Reduction of Process Induced Porosity for Ultrafuse 316L through Parameter Optimization of Creality Ender 3 V2 and Makerbot Method X

Abstract

Metal-based additive manufacturing (MBAM) has enabled rapid prototyping and one-off production, but the cost of equipment has limited widespread adoption. Recent developments in hybrid filaments and processes have created more accessible methods for MBAM, leveraging common fused filament fabrication (FFF) printers and Ultrafuse 316L metal filament. This technique has shown promise but suffered from large pore formations along parallel print paths. To reduce the formation of process-dependent pores, a design of experiments (DOE) was conducted to investigate the effects of varying extrusion parameters such as layer height, line width, and extrusion multiplier for tensile samples produced on a Creality Ender 3 V2 and MakerBot Method X. Characterization techniques included tensile testing, microhardness, density measurements, and optical microscopy; findings were compared to samples produced via laser-powder bed fusion (L-PBF) and from 316L plate. The Method X produced components with approximately 1% porosity and the Ender 4% porosity.
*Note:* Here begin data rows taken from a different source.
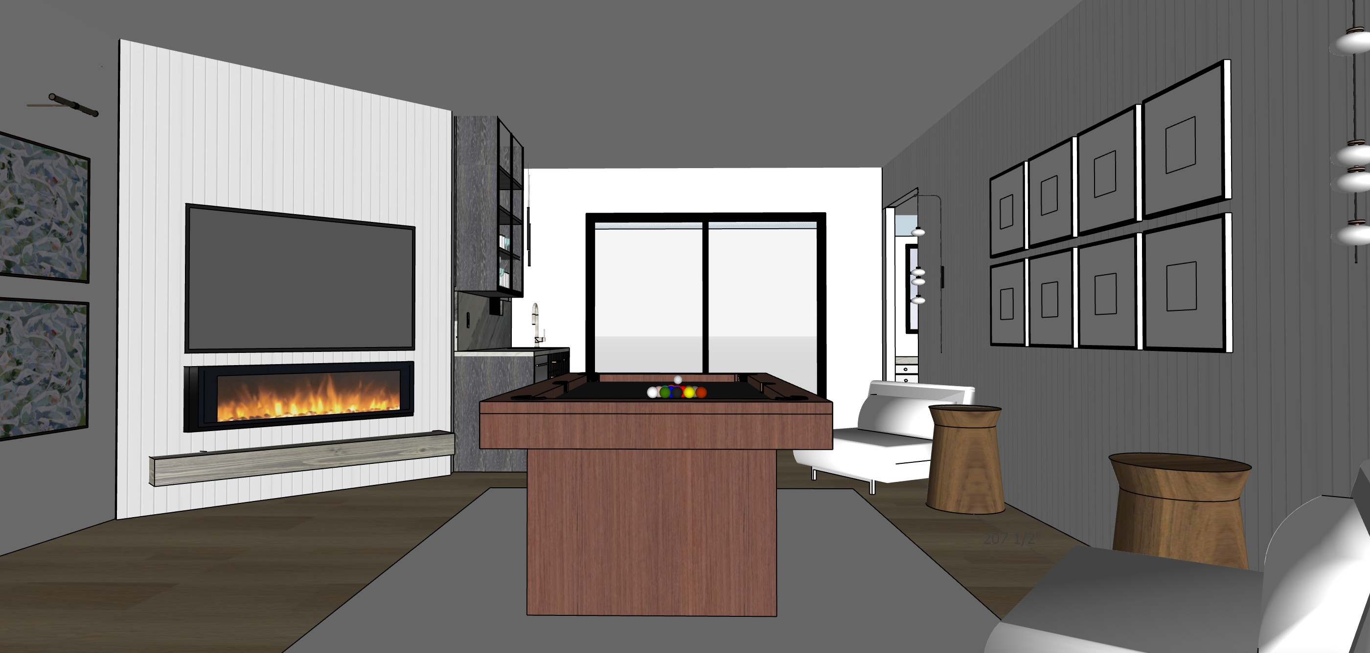 looks good but create a photorealistic rendering of this floorplan view of a downstairs living add natural textured rug keep surrounding walls painted white white shiplap on fireplace surround and long wall with art keep light oak floors remove art on floor left side show landscaping and pool outside sliders keep 2 peices of art on left wall with art light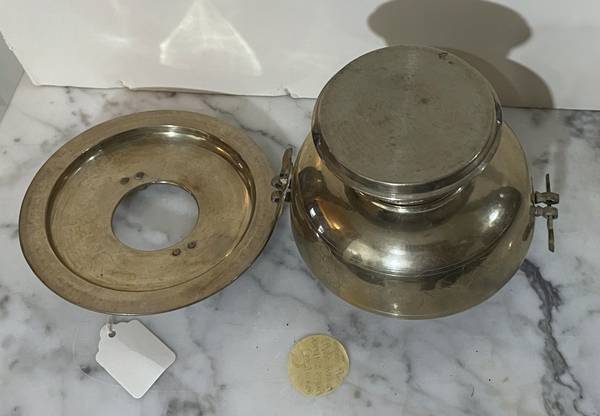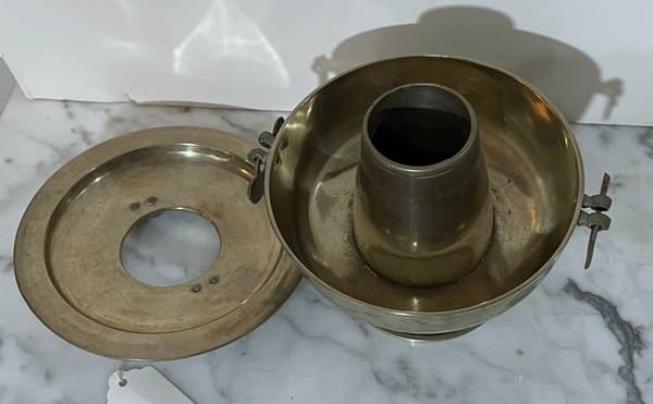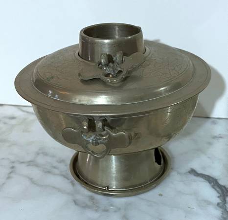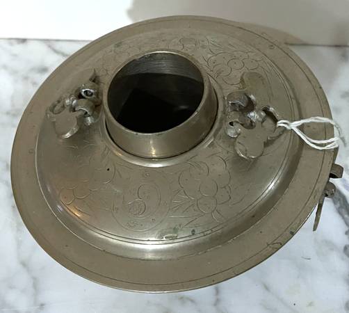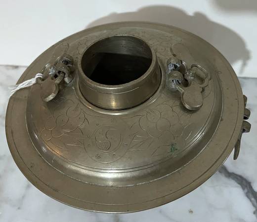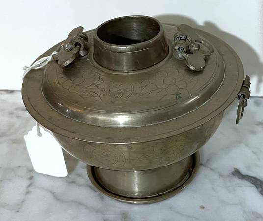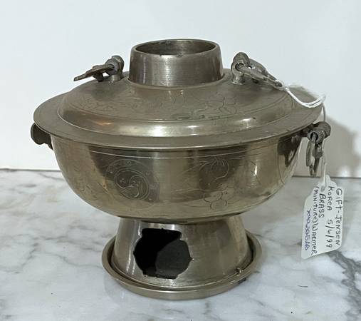 VINTAGE KOREAN BRASS WARMER ADORNED WITH TRADITIONAL ETCHED PATTERNS...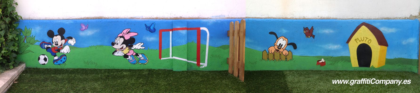 Mural infantil de Disney en exterior. Compuesto por Mickye, Minnie y Pluto, para decorar la parte del patio donde juega la pequeña de la casa.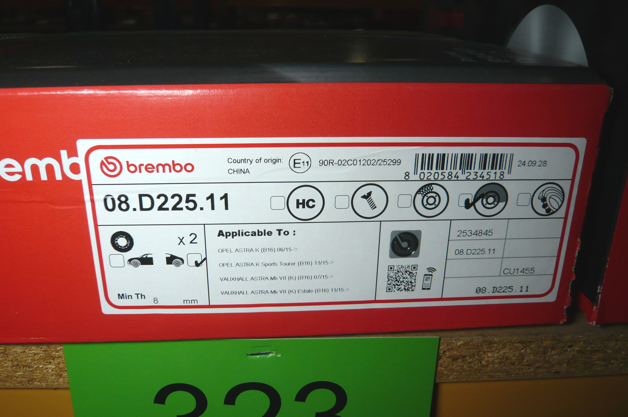 323. Et sæt Brembo, bagerste bremseskiver, Opel m.fl.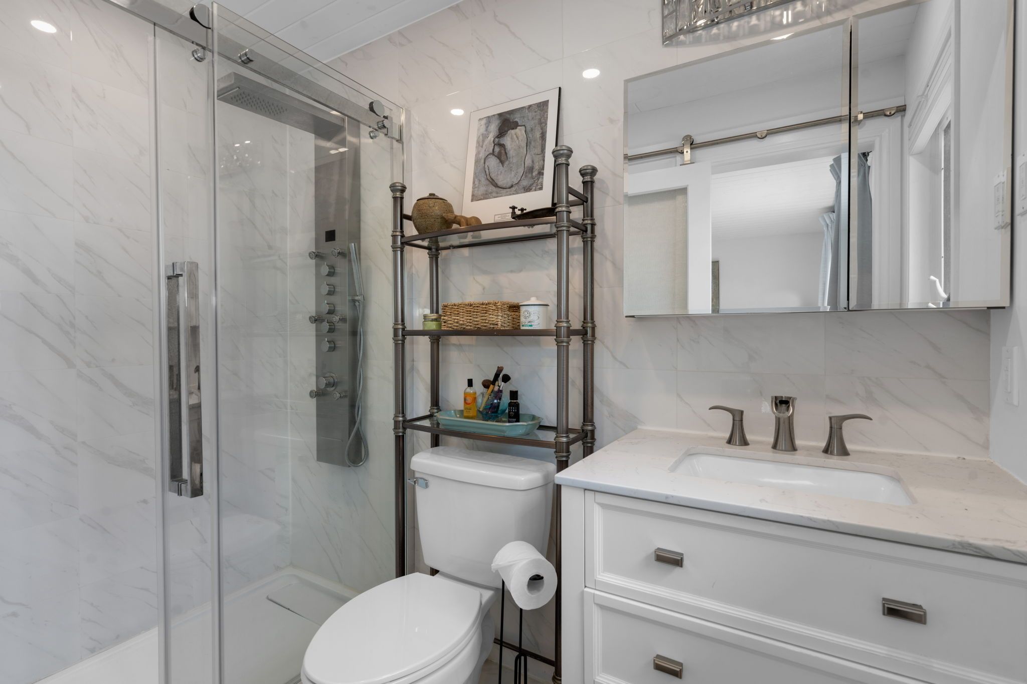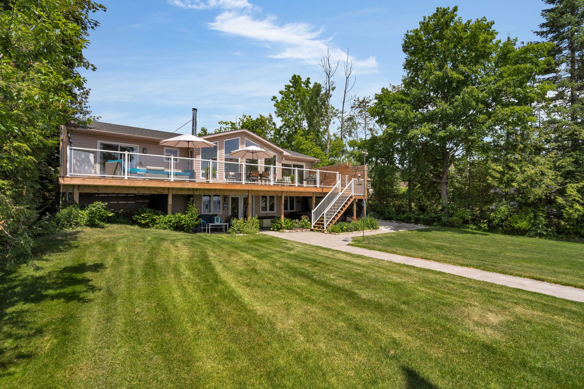 Set on 81 feet of clean, south-facing shoreline, this renovated bungalow offers over 2,700 sq ft of finished living space and a layout that works equally well as a full-time home or weekend retreat. Inside, large windows and glass doors bring in natural light and frame the lake from both levels. The main floor features an open living and dining area with a wood-burning fireplace, engineered hardwood floors, and a kitchen with quartz countertops, island, and upgraded appliances. Three bedrooms and two bathrooms include a primary suite with a walkout, custom closet, and 3-piece ensuite. The fully finished walkout basement adds flexibility with a spacious rec room, gas fireplace, fourth bedroom, third bathroom, wet bar or kitchenette, and laundry. This level connects directly to a covered patio and hot tub area, creating a seamless indoor-outdoor setup. Outside, the property is designed for enjoying the water, with a 72-foot dock, shallow beach entry, and space for swimming, paddling, or relaxing by the lake. Extensive updates and features include new shingles (2020), furnace with uv sterilizer (2021), a/c (2022), water treatment system with uv and charcoal filtration, 200-amp service, generac generator, and smart home integration. The insulate triple garage includes, heat, subpanel, and ev outlet, along with additional storage in two sheds (one with hydro). Located within easy reach of barrie, orillia, and highway 11, this is a well-rounded waterfront property now offered at a compelling price

Mechanical properties for both FFF printers were comparable to previous research, with an increase in tensile strength for the Method X. Despite the increased porosity in the Ender samples, only a 7% reduction in strength from the average yield in Method X samples (153.6 MPa) was observed. It was found that a combination of increased layer height and extrusion rate led to improved mechanical properties in parts printed on the Ender, while the default Makerbot settings resulted in the best overall performance for Ultrafuse 316L samples.